_DATA EXCERPT_
*** Block opens ***
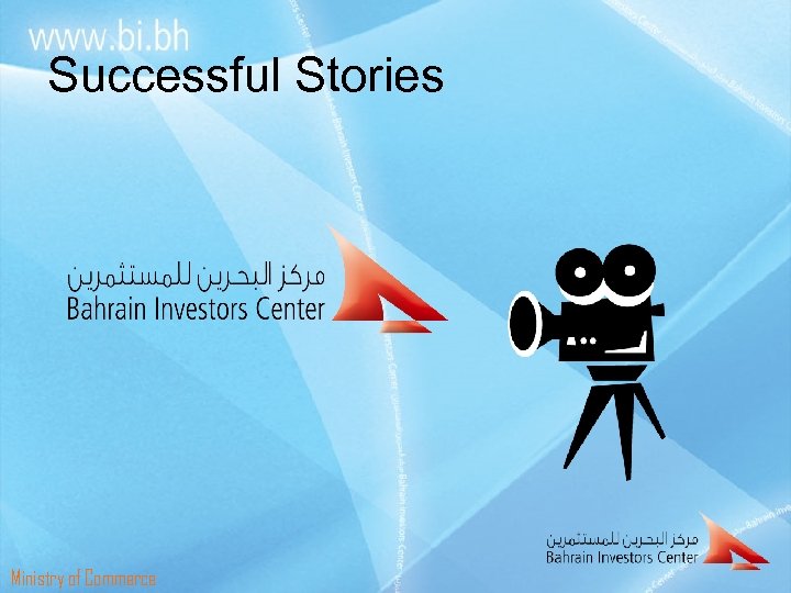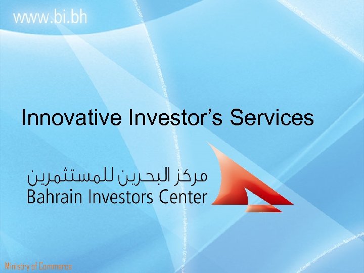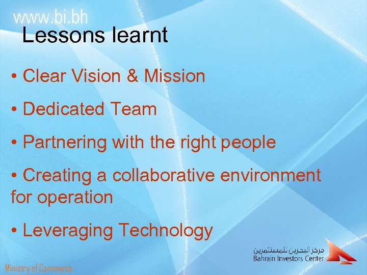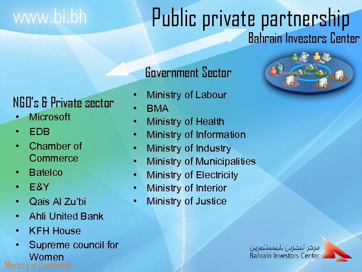 Public private partnership Bahrain Investors Center Government Sector NGO’s & Private sector • Microsoft • EDB • Chamber of Commerce • Batelco • E&Y • Qais Al Zu’bi • Ahli United Bank • KFH House • Supreme council for Women Ministry of Commerce • • • Ministry of Labour BMA Ministry of Health Ministry of Information Ministry of Industry Ministry of Municipalities Ministry of Electricity Ministry of Interior Ministry of Justice
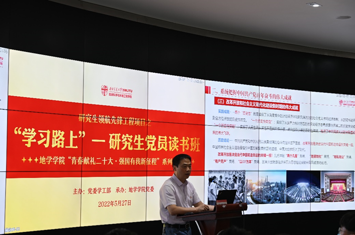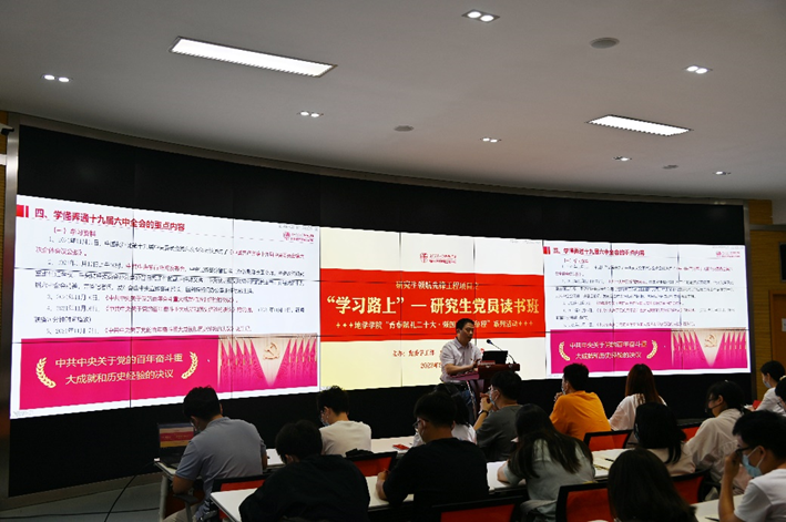 为喜迎党的二十大,号召全体研究生党员读原著,学原文,筑牢理想信念。5月27日,由党委学工部主办,公司党委承办的研究生领航先锋工程项目之“学习路上”—研究生党员读书班专题讲座于X4243顺利举行,本次读书班由公司党委书记关秦川主讲,以“原原本本读决议,逐字逐句悟精神”—“从三个‘历史决议’中回溯党的百年奋斗成就”为题,讲座由BEATS员工党建文强老师主持。
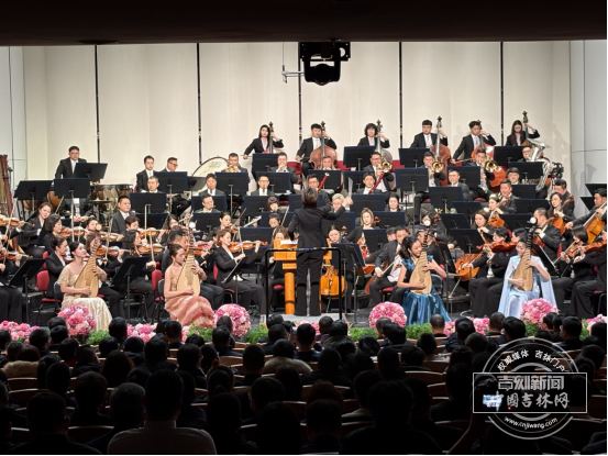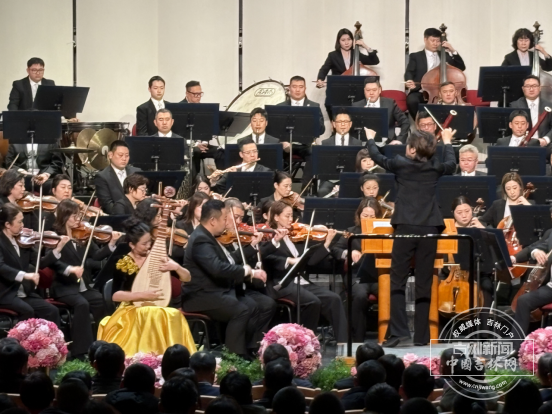 音乐会以经典管弦乐作品《红旗颂》开场,奏响中华民族的奋斗赞歌;经典曲目《茉莉花》通过灵动拨弦,将民歌的清雅韵味展现得淋漓尽致;《送我一枝玫瑰花》融入新疆民间节奏,轮指与扫弦间尽显少数民族的热闹风情;《云想·花想》则以清澈音色勾勒出大唐盛世的浪漫图景,让观众恍若穿越千年。
*** Block closes ***
_WORK ITEM_
Print out the complete listing above exactly, dropping each image.

_OUTPUT OF THE TASK_
 Public private partnership Bahrain Investors Center Government Sector NGO’s & Private sector • Microsoft • EDB • Chamber of Commerce • Batelco • E&Y • Qais Al Zu’bi • Ahli United Bank • KFH House • Supreme council for Women Ministry of Commerce • • • Ministry of Labour BMA Ministry of Health Ministry of Information Ministry of Industry Ministry of Municipalities Ministry of Electricity Ministry of Interior Ministry of Justice
 为喜迎党的二十大,号召全体研究生党员读原著,学原文,筑牢理想信念。5月27日,由党委学工部主办,公司党委承办的研究生领航先锋工程项目之“学习路上”—研究生党员读书班专题讲座于X4243顺利举行,本次读书班由公司党委书记关秦川主讲,以“原原本本读决议,逐字逐句悟精神”—“从三个‘历史决议’中回溯党的百年奋斗成就”为题,讲座由BEATS员工党建文强老师主持。
 音乐会以经典管弦乐作品《红旗颂》开场,奏响中华民族的奋斗赞歌;经典曲目《茉莉花》通过灵动拨弦,将民歌的清雅韵味展现得淋漓尽致;《送我一枝玫瑰花》融入新疆民间节奏,轮指与扫弦间尽显少数民族的热闹风情;《云想·花想》则以清澈音色勾勒出大唐盛世的浪漫图景,让观众恍若穿越千年。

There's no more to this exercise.